時遷一閃身就沒影了,段景住則將馬騎進樹林,拴在樹上,然後啃完了兩個饅頭。
“快點,兄弟,快把它染黑。”不知從哪裡冒出來的時遷扔給段景住一罈子染料。
“孫子乖啊,我們要把你染黑。”段景住摸了摸馬頭,道。
那匹照夜玉獅子聽不懂人話,還以為是啥好事呢,歡快的對段景住嘶鳴著,還用嘴舔他的手。
二人動作麻利,很快就把白馬全身給染黑了,然後把洩藥強行給它喂下去,這馬一路走,一路拉稀,奇臭無比。
二人這一耽擱,大金國太子的手下們早就追過來了,遍尋一遭無果後,這些金國高手便前去面見曾頭市的曾長官,責令他們幫忙追殺盜馬賊。
而曾頭市如此大張旗鼓的遍地設崗追殺賊人,這個情報早就被梁山和白虎山派出的探子給打探到了。

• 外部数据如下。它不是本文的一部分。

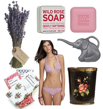 * A bundle of lavender, $10 (which lasts for ages); wild rose soap, $10; an adorable elephant watering can, $4.49; a vintage flower trash can, $34.50 (I just got one of these for our bedroom); a floral bikini from J. Crew, $110, and Mast Brothers chocolate bars, $10 each (their Salt and Pepper version sounds especially delicious). xoxo

武松當然知道以時遷的機智,必定能順利完成任務,而白虎山的兩位老大卻早就坐不住了。
晁蓋和宋江知道,白虎山的一流戰將只有秦明、朱仝、花榮這三人,特別是花榮的神箭天下無雙,無論敵人武功多強,只要花榮在背後放冷箭偷襲,對方十有**是必掛!而白虎山之所以能屹立這麼久卻仍然沒被其它勢力滅掉,可以說全仗花榮神箭的威懾!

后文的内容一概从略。